Warner Bros. Discovery to Split TV and Movie Business

Photo from Dmitry Kropachev via Unsplash

Warner Bros. Discovery to Split TV and Movie Business

By Movieguide® Contributor

The death of linear TV may truly be impending as another legacy studio, Warner Bros. Discovery (WBD), announced its intention to split off its TV business from the rest of the company.

WBD CEO David Zaslav announced earlier this month that his company will soon restructure itself into two distinct businesses, one that encapsulates linear TV, with the other holding the rest of the company’s assets.

“Since the combination that created Warner Bros. Discovery, we have transformed our business and improved our financial position while providing world class entertainment to global audiences,” Zaslav said.

“We continue to prioritize ensuring our global linear networks business is well positioned to continue to drive free cash flow, while our streaming and studios business focuses on driving growth by telling the world’s most compelling stories,” he continued. “Our corporate structure better aligns our organization and enhances our flexibility with potential strategic opportunities across an evolving media landscape, help us build on our momentum and create opportunities as we evaluate all avenues to deliver significant shareholder value.”

The restructuring would also allow the linear TV business to declare bankruptcy without dooming the rest of the company.

This split provides a path forward like Comcast’s, which announced a similar plan in November.

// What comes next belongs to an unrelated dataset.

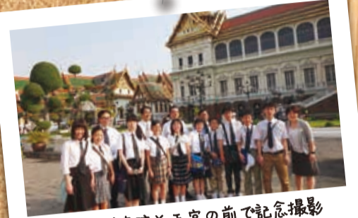
エメラルド寺院と王宮の前で記念撮影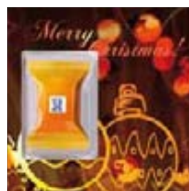
Motiv-Nr.: 92596 - Gezeichnete Kugeln

Comcast’s restructuring placed its declining linear TV assets in one silo and its sports, movie and theme park operations in another, shielding the company as a whole from the death of cable TV.

READ MORE: WHY DID COMCAST SPIN OFF ITS CABLE CHANNELS?

Disney, another major holder of linear TV networks, has expressed a similar disinterest in its legacy media, considering selling off its most popular networks, like ABC, before they lose too much value.

The waning support for these networks from their parent companies may signal a death call for cable TV as they are largely unable to financially support themselves in the new media world. Furthermore, many streaming services have either cracked profitability or are well on their way to doing so, creating more lucrative income streams for these companies. With interest in cable TV at an all-time low, the restructuring of these companies seems to be nothing more than preparations for the end.